Extracted records =>
◆ ◆ ◆ ◆ ◆ ◆ ◆

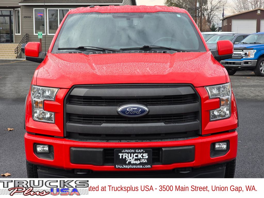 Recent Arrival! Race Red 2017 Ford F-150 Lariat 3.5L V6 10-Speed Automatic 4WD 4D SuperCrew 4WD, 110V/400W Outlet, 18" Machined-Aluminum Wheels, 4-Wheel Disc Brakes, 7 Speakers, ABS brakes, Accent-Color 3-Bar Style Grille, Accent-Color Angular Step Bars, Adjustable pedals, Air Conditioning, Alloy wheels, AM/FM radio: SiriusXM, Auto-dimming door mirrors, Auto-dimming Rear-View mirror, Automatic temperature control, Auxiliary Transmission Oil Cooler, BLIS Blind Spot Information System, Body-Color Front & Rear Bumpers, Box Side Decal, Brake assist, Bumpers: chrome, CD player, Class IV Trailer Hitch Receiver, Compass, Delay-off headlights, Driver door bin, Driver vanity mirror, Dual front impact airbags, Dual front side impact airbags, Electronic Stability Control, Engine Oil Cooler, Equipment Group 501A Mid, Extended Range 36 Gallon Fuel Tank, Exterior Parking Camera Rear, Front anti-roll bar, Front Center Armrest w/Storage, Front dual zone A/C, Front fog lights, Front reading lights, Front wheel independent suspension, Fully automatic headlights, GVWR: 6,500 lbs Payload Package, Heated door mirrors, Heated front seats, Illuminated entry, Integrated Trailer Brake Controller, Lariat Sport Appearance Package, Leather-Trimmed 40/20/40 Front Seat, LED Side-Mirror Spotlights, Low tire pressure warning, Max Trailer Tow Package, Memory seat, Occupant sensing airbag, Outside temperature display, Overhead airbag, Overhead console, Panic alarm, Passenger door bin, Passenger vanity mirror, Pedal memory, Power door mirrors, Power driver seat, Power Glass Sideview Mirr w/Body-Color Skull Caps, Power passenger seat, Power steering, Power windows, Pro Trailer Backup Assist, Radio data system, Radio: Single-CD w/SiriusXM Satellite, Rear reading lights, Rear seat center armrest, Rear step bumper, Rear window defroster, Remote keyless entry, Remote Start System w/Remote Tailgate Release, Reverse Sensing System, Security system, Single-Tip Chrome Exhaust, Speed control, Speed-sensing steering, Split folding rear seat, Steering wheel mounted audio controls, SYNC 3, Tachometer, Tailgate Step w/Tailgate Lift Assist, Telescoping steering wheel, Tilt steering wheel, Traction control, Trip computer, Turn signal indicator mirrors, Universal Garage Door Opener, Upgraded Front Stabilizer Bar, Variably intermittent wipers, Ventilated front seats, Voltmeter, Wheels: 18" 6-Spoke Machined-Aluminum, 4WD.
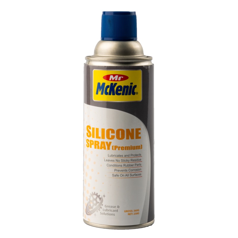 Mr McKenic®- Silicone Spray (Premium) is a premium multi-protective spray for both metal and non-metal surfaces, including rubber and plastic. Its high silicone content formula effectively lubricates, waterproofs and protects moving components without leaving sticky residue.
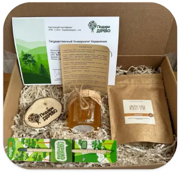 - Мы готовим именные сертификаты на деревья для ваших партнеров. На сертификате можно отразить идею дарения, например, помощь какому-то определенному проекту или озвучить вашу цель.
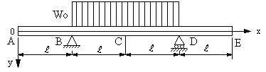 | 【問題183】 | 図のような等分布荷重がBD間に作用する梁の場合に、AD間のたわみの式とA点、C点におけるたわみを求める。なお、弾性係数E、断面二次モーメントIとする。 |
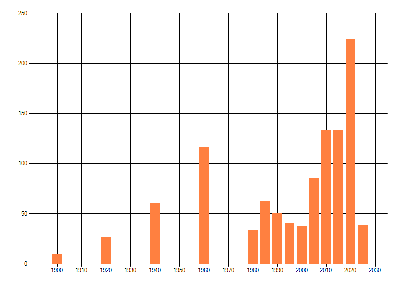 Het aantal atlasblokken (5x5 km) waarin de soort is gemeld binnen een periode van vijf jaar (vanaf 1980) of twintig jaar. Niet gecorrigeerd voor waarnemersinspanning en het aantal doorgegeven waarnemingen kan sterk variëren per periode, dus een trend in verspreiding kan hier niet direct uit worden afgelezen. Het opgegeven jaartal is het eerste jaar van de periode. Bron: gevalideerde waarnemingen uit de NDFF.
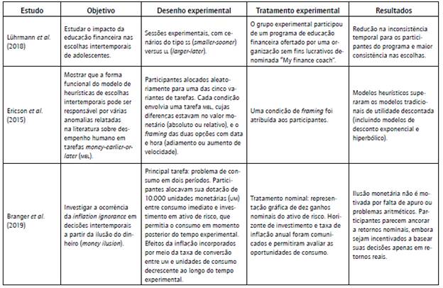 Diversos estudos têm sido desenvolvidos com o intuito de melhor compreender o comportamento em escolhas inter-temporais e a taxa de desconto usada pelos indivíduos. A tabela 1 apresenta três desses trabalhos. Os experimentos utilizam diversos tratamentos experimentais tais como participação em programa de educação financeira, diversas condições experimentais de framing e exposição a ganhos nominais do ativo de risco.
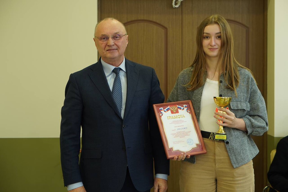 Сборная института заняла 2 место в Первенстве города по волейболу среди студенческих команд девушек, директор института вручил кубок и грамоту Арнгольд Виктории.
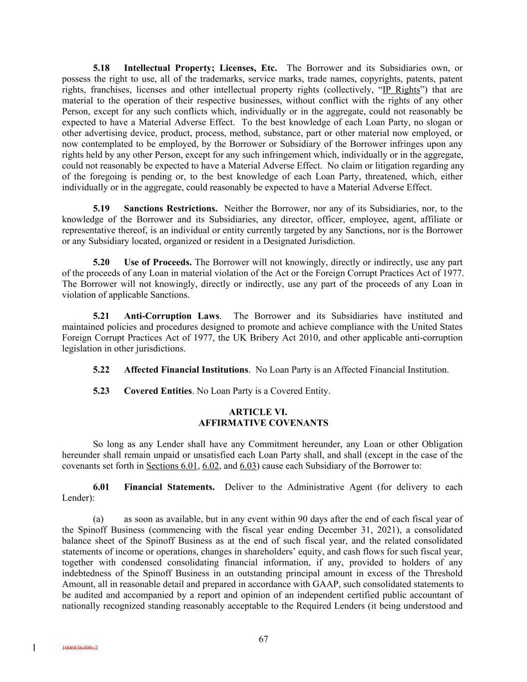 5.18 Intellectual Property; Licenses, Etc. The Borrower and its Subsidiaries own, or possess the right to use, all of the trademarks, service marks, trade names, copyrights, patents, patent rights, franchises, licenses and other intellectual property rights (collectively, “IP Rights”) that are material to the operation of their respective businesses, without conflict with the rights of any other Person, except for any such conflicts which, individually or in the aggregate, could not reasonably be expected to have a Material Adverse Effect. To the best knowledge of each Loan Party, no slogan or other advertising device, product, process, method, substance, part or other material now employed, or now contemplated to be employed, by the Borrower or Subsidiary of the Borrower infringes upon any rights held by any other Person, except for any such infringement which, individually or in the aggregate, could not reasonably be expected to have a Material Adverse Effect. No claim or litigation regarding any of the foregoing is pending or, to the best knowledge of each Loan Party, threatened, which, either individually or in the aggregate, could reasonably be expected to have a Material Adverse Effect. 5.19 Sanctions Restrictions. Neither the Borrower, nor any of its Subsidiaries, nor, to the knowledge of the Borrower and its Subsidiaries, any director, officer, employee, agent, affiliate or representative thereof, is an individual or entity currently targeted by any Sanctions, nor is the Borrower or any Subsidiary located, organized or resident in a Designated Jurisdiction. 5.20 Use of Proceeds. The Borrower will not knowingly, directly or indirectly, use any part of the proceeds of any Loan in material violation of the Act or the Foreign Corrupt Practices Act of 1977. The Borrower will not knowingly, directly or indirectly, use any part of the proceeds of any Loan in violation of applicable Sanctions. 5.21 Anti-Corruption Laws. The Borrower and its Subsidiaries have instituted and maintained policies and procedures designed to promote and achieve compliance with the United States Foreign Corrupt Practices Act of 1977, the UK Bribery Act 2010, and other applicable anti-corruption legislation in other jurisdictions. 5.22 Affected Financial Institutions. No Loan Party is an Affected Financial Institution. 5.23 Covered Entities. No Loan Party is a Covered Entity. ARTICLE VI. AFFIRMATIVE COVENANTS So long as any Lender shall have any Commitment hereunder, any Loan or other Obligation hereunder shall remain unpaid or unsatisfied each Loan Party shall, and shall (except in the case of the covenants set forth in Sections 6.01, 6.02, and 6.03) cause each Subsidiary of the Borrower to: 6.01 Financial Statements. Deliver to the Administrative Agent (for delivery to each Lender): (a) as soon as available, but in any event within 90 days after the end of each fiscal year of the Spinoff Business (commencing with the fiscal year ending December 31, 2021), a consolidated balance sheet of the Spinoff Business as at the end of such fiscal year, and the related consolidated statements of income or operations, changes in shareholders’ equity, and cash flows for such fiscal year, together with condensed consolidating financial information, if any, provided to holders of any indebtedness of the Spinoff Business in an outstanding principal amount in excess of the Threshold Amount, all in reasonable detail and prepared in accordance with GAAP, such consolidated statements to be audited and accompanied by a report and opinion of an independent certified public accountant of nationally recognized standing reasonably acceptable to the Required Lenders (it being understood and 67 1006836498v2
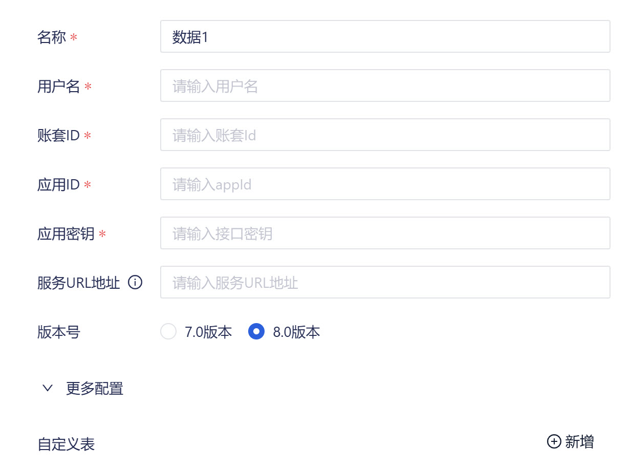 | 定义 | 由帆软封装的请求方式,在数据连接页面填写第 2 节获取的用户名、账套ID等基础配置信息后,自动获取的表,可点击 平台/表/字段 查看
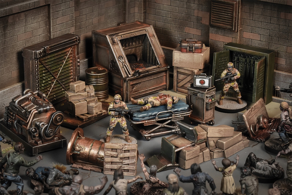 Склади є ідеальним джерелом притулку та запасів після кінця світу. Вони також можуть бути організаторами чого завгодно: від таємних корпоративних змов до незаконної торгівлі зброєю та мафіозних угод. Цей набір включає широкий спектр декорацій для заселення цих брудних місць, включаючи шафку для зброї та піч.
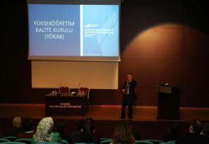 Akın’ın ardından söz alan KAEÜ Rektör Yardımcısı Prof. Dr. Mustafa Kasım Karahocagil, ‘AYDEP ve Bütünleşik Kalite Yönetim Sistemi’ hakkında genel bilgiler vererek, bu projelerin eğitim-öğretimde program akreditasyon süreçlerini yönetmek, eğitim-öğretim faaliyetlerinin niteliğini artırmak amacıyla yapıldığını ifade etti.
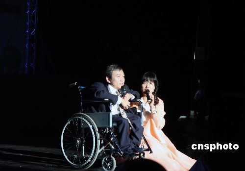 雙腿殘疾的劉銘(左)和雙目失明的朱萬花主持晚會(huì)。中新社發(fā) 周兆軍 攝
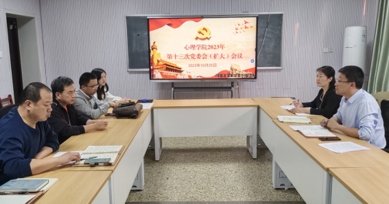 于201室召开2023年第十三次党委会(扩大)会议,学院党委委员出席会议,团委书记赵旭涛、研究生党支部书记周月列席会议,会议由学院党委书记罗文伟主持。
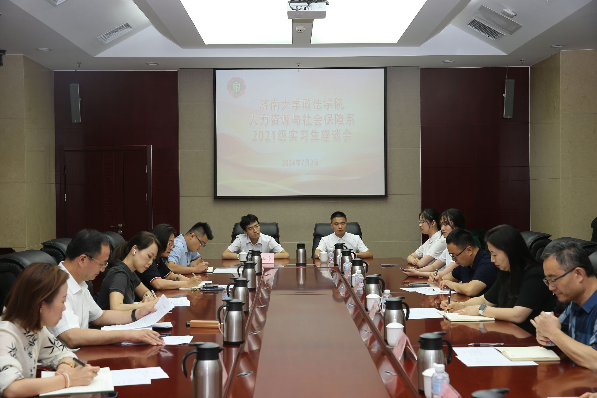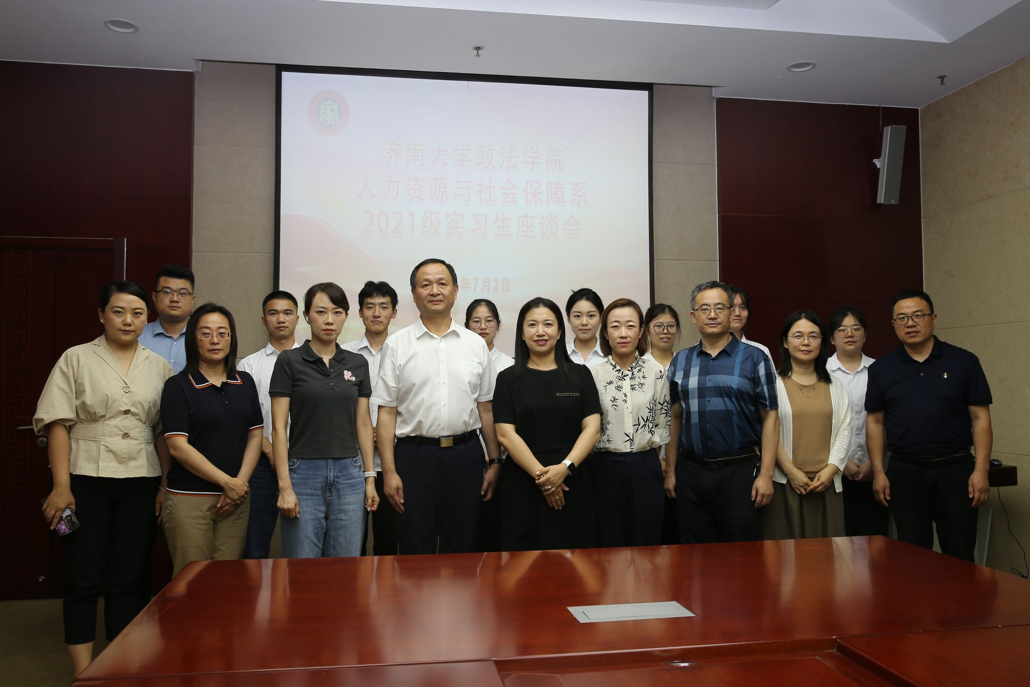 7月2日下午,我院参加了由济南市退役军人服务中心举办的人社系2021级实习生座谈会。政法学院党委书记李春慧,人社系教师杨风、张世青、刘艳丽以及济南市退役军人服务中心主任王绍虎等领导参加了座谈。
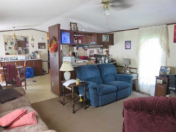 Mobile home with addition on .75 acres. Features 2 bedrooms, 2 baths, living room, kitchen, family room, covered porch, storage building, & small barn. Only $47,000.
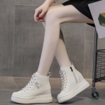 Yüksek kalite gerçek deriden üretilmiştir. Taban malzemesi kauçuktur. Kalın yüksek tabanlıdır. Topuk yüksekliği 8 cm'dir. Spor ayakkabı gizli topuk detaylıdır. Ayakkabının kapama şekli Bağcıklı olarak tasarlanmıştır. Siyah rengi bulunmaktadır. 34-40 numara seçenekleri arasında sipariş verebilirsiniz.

◆ ◆ ◆ ◆ ◆ ◆ ◆

WHAT TO WORK ON =>
What's needed is an exact copy of the lines above from the one with "- Мы готовим" through the one with "Diversos estudos têm", both included; the pictures stay out.

EXPECTED ANSWER =>
 - Мы готовим именные сертификаты на деревья для ваших партнеров. На сертификате можно отразить идею дарения, например, помощь какому-то определенному проекту или озвучить вашу цель.
 | 【問題183】 | 図のような等分布荷重がBD間に作用する梁の場合に、AD間のたわみの式とA点、C点におけるたわみを求める。なお、弾性係数E、断面二次モーメントIとする。 |
 Het aantal atlasblokken (5x5 km) waarin de soort is gemeld binnen een periode van vijf jaar (vanaf 1980) of twintig jaar. Niet gecorrigeerd voor waarnemersinspanning en het aantal doorgegeven waarnemingen kan sterk variëren per periode, dus een trend in verspreiding kan hier niet direct uit worden afgelezen. Het opgegeven jaartal is het eerste jaar van de periode. Bron: gevalideerde waarnemingen uit de NDFF.
 Diversos estudos têm sido desenvolvidos com o intuito de melhor compreender o comportamento em escolhas inter-temporais e a taxa de desconto usada pelos indivíduos. A tabela 1 apresenta três desses trabalhos. Os experimentos utilizam diversos tratamentos experimentais tais como participação em programa de educação financeira, diversas condições experimentais de framing e exposição a ganhos nominais do ativo de risco.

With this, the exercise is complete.